Intellectual Property Rights

The rights of the IP holder work in effect as a monopoly by preventing all competitors from using or producing the IP-protected technologies or products. All too often, this monopoly is misused by the IP holders, who charge exorbitant prices which prevent people and governments from accessing those products. This IP regime is enforced globally by the Agreement on Trade-Related Aspects of Intellectual Property Rights (TRIPS), which came into force in 1995. It obligates all WTO member states, except least developed countries, to provide a minimum level of protection and enforcement of IP rights.

We have seen in the case of the AIDS crisis the effect of this on access to medicines. Though anti-retroviral (ARV) treatments for HIV/AIDS were available in developed countries in the early 1990s, the vast majority of people living with HIV/AIDS in developing countries could not access these lifesaving medicines. Pharmaceutical companies powered with patents charged US$ 10,000 – US$ 12,000 per person per year for ARVs. It was not until the intro- duction of generic ARVs in 2001 by Indian generic pharmaceutical companies, reducing the price to US$ 350, that universal access to ARV treatment started to become a reality.

It is not just in the global South that this is a problem – patent monopolies also deny access to medicines in developed countries. In many European countries, Sofosbuvir, a medicine to treat hepatitis C, is rationed due to the high price, while it is available to hepatitis C patients in many developing countries due to the availability of affordable generics. In the UK, the regulator NICE has refused to approve Sorafenib, a drug that can extend the life of a liver cancer patient by six months, citing the inadequate benefit compared to the high price (US$ 5000 per month).
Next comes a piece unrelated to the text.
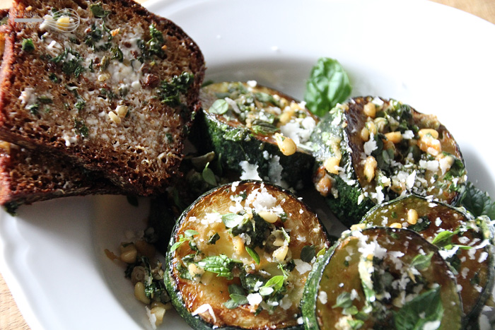 Alkuperäisessä reseptissä paistetut kesäkurpitsat nautittiin vaalean leivän ja itse tehdyn ricottajuuston kanssa, mutta itse päädyin maalaislimppuun, jonka siivut kastoin pannun pohjalta löytyvään aromaattiseen seokseen. Täydellistä, varsinkin kun paistettujen kesäkurpitsojen päälle ripottelin vielä tuoreita yrttejä sekä parmesanjuustoa. Teen ehdottomasti toistekin!
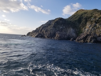 北西風が吹きつける大波の中、船酔いに苦しみながら約4時間の航程を経て、昨年夜釣りで数が釣れた女島の「二重鼻の奥」へ小林氏と登礁。

Yet the same medicine is available in India at US$ 450—US$ 650 for six months from generic manufacturers.


Also Read : COVID-19 Pandemic May Have Been Caused by a “Lab Leak”

Anticipating the threat of patents on access, a few WTO member states such as Canada, Chile, Colombia, Ecuador, France, Germany and Hungary have initiated steps to amend patent laws to make the issuance of compulsory licences (CLs) easier. Israel and Russia have issued CLs on two medicines used experimentally to treat COVID-19, lopinavir/ritonavir and remdesivir. However, the use of CLs is product and country specific. As a result, free global availability of medical products and easy movement around the world is possible only after the issuance of CLs in a critical mass of countries. Yet past political pressure exerted by developed countries has produced a ‘chilling effect’ on the use of CL among developing countries, making it very rare. What’s more, there is no concept of CL in the context of trade secrets, which are important for emulating vaccine technology.

A waiver of these obligations would enable countries to facilitate access to IP-protected medical products at an affordable price. Instead of engaging in the discussion, however, opponents of the waiver, especially the EU, are indulging in a diversionary tactic of placing a new proposal on the table or denying the role of IP in the scaling up of the COVID-19 health products. Maintenance of the IP status quo in the context of COVID-19 vaccines is facilitating the monopoly and rent-seeking from public-funded research and development. The current global shortage of COVID-19 medical products underlines the urgent need to revamp the global IP regime to allow governments to address the health needs of their people.